The research to find a vaccine led to many other innovations. Before this, there was no fetal medicine or fetal research. It was considered too invasive. The amniocentesis that's become standard for pregnant women today was developed as a direct result of Rh Disease research.
But it's especially striking to me that so much happened regarding this condition around the year of my birth. The Rh Factor itself had been discovered only in 1940. Blood Banks in general wouldn't be routinely testing for it until 1950. It is just barely possible that some form of exchange transfusion was being done by the end of June 1946 at the western Pennsylvania hospital where I was born. I hope to find out whether that's what I received.

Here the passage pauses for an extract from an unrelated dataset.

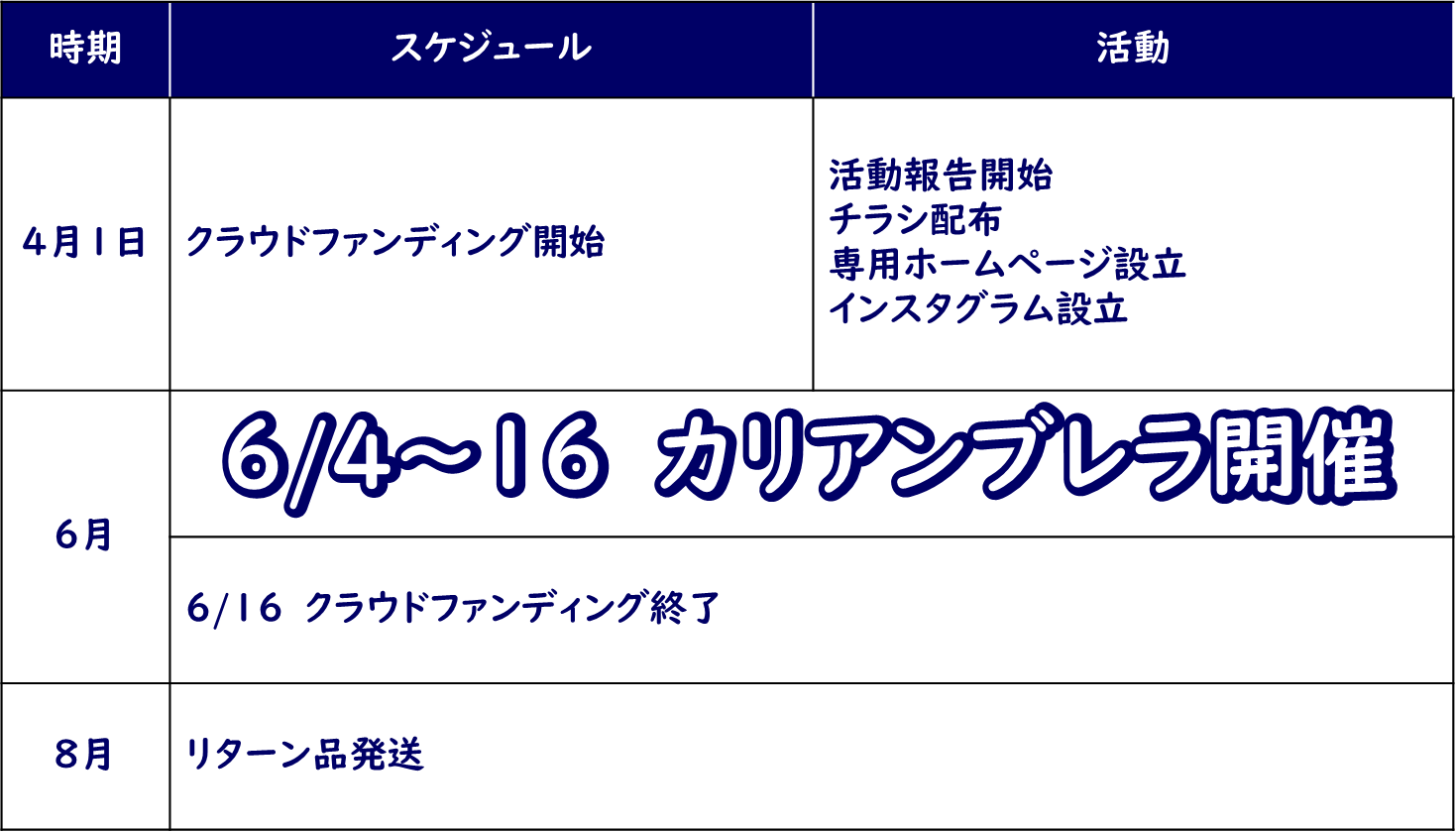 どうか、皆様の想いをこのカリアンブレラの開催の支援として乗せていただけると幸いです。
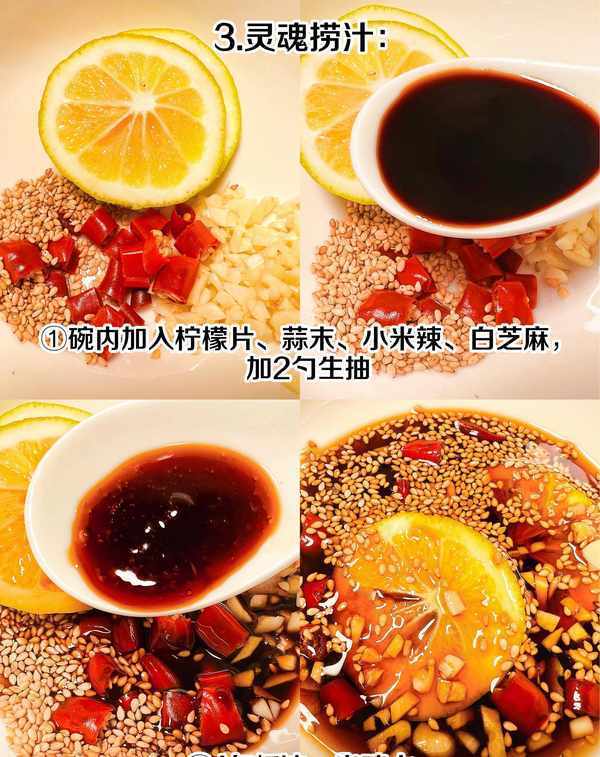 3、魂汁:将柠檬片、蒜末、辣小米、白芝麻放入碗中,加2勺生抽、1勺蚝油和半碗水。

It could be that my case was mild enough to respond to a standard transfusion.
It's very rare for a first-born to have this, unless the mother had a transfusion with Rh positive blood earlier in her life. But it wasn't unknown, and the theory was that an even more rare trait of the father's blood was responsible, but these cases usually were comparatively mild. So I might not have been in such mortal danger.
I've pieced together enough to be pretty sure that I was transfused with Rh negative blood. It was probably done over three days. The only effect of the disease that's shown up so far is probably my one deaf ear. I don't know if this exactly qualifies as borrowed time. But it does seem that from the beginning my life was very much embedded in its time and place.